An unsupervised approach to mining anomalous subscribers finds applicability across use cases like churn prediction and fraud detection
By : Flytxt R&D Team
Anomaly detection refers to the problem of finding events or patterns in data that do not conform to the normal or the expected behaviour. These non-conforming patterns are often referred to as anomalies. In telecom domain, subscribers who display a significantly different behaviour from others and change their own behaviour over time are likely to be more anomalous as compared to others who are consistent in their behaviour. Identifying anomalous users can provide significant (and often critical) actionable information in a wide variety of application areas. One of the areas is subscription fraud detection in telecom domain, where the fraudster abuses the service by making significant usage of telecom services (for example, calling, messaging, internet, etc.) without having the intention to pay, causing enormous losses to the telcos.
However, one of the major challenges in an anomaly detection problem is to define a normal region which comprises every possible normal behaviour. In addition, the boundary between normal and anomalous behaviour is often imprecise, making the task even more difficult. For instance, an anomalous observation which lies close to the boundary can actually be normal, and vice-versa.

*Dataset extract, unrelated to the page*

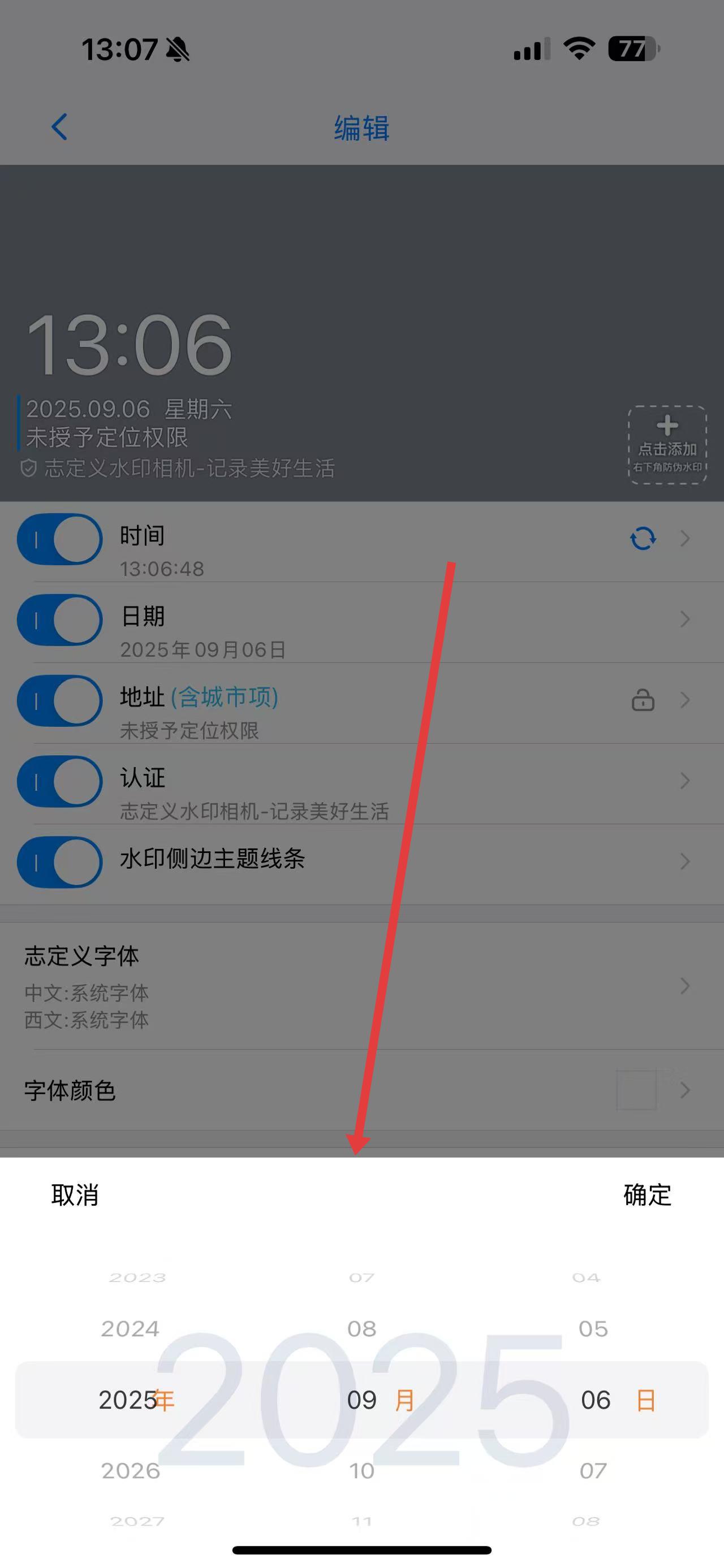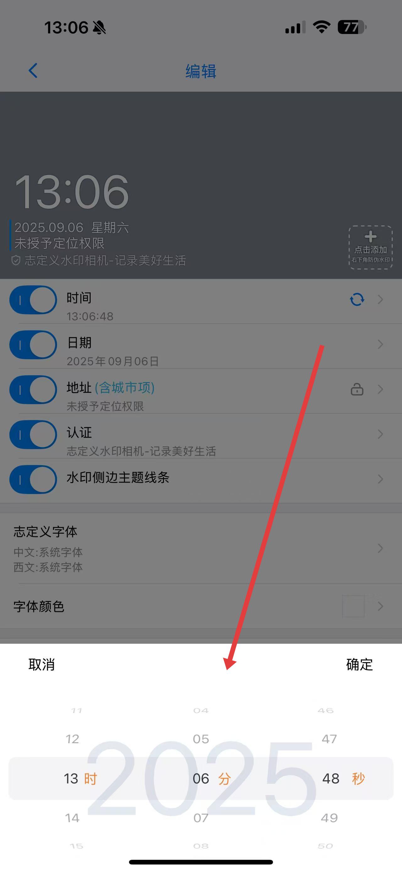 3、点击相机界面的编辑水印按钮,进入编辑页面后点击时间选项,通过弹出的时间选择器修改时间。

To overcome these limitations, Flytxt has developed a novel, unsupervised model based on a cluster migration approach, which clusters the subscriber base into k clusters, analyses the clusters’ behaviour and the movement patterns of subscribers across these clusters over time. It then assigns an anomaly score to each subscriber using an appropriate evaluation function. This anomaly score quantifies the inconsistency in a subscriber’s current usage from its own historical usage pattern as well as those of others, over a period of time. A subscriber having a higher anomaly score is more likely to be anomalous as compared to the ones having lower scores. We evaluated our model based on the consideration that the top anomalous subscribers are churners. We used a randomly sampled dataset from a Tier-1 telco, where the sample consisted of only high value subscribers, having a significantly low churn rate. Using only a minimal set of KPIs, our model was able to cover 53.52% true churners in Top 2 deciles. The churn coverage would further increase, if more meaningful KPIs are supplied based on specific objectives.